The elimination of the scaling tax has direct implications for how data center operators and hyperscalers should think about network infrastructure investment relative to compute infrastructure investment. A cluster whose training throughput scales linearly with compute additions justifies higher per-accelerator spending on compute than a cluster where network bottlenecks limit the effective utilisation of added capacity. Conversely, a network investment that eliminates the scaling tax and enables linear compute scaling can generate returns that exceed the cost of the additional accelerators otherwise required to achieve the same training throughput. The economic logic of Virgo is therefore not just about better network performance. It is about changing the relationship between network investment and compute utilisation in ways that alter the optimal capital allocation for AI infrastructure at scale.

As covered in our analysis of the AI infrastructure spending model resting on assumptions nobody has actually tested, the assumptions embedded in AI infrastructure investment models have not been stress-tested at the scale that Virgo-class infrastructure enables.

What Virgo Means for the Broader Networking Market

Virgo’s architectural choices are not simply Google-specific engineering decisions. They reflect constraints of AI training workloads that apply to every operator building large-scale AI infrastructure, and the solutions Google has implemented in Virgo are influencing how the broader networking industry thinks about AI fabric design. The shift from three-layer to two-layer topology, the use of high-radix switches to reduce hop count, and the segmentation of AI training traffic from other data center traffic types are all design patterns that competing hyperscalers, independent data center operators, and enterprise AI infrastructure teams are evaluating in their own network architecture decisions.

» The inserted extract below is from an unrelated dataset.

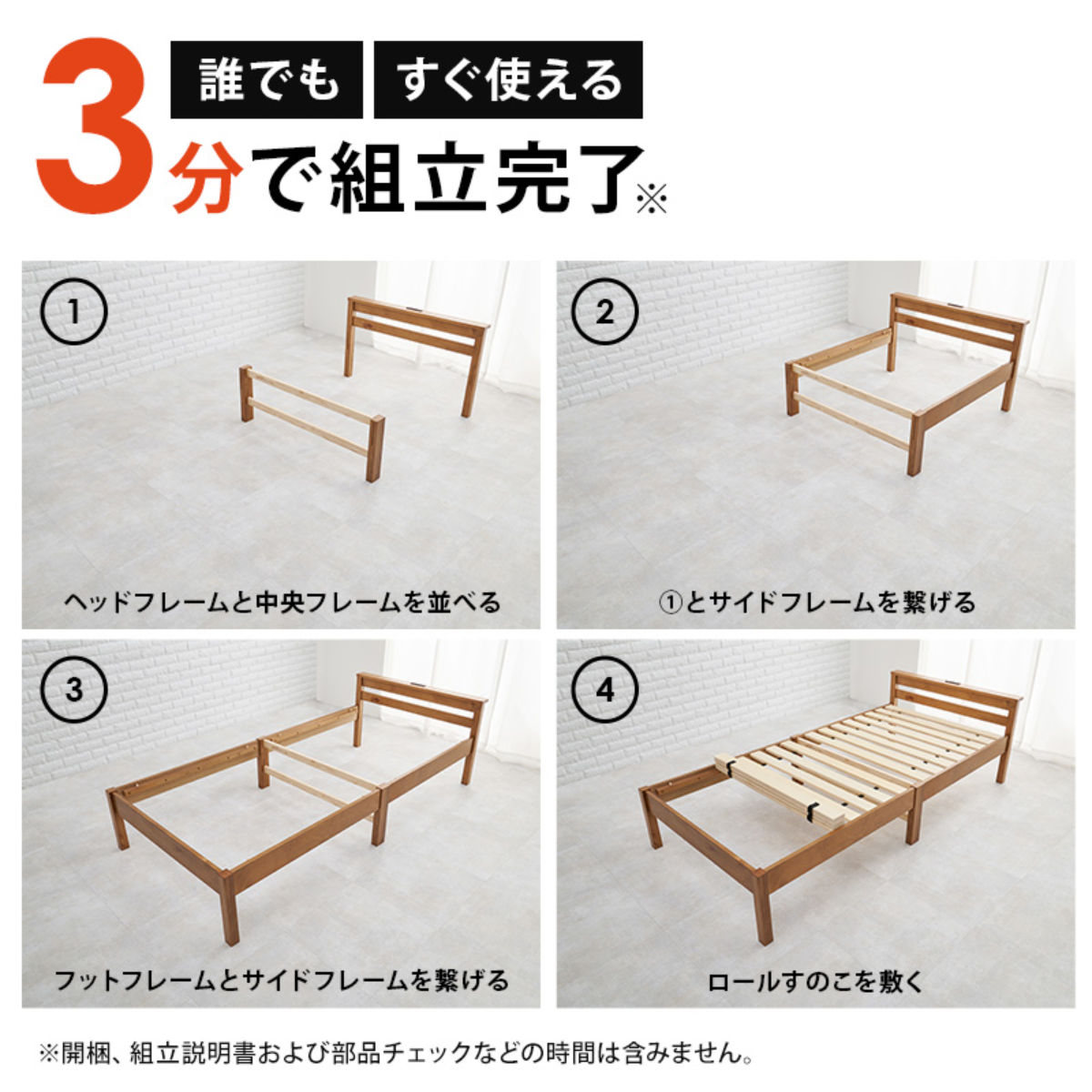 工具不要で簡単組立、3分で完成するマットレス付きすのこベッド

The convergence between Virgo and MRC, OpenAI’s multipath networking protocol released through the Open Compute Project on May 5, illustrates how the networking layer of AI infrastructure is undergoing coordinated evolution across the industry rather than incremental improvement within existing frameworks. Both Virgo and MRC reflect the same underlying insight: general-purpose data center networking cannot efficiently support the synchronised, high-bandwidth, low-latency demands of large-scale AI training because engineers originally designed it for diverse workloads with unpredictable traffic patterns. The solutions they implement from different starting points, Virgo through topology redesign and MRC through transport protocol redesign, are complementary approaches to the same problem. Data center operators who are planning AI networking infrastructure for the next three to five years need to engage with both simultaneously rather than treating network topology and transport protocol as independent design decisions.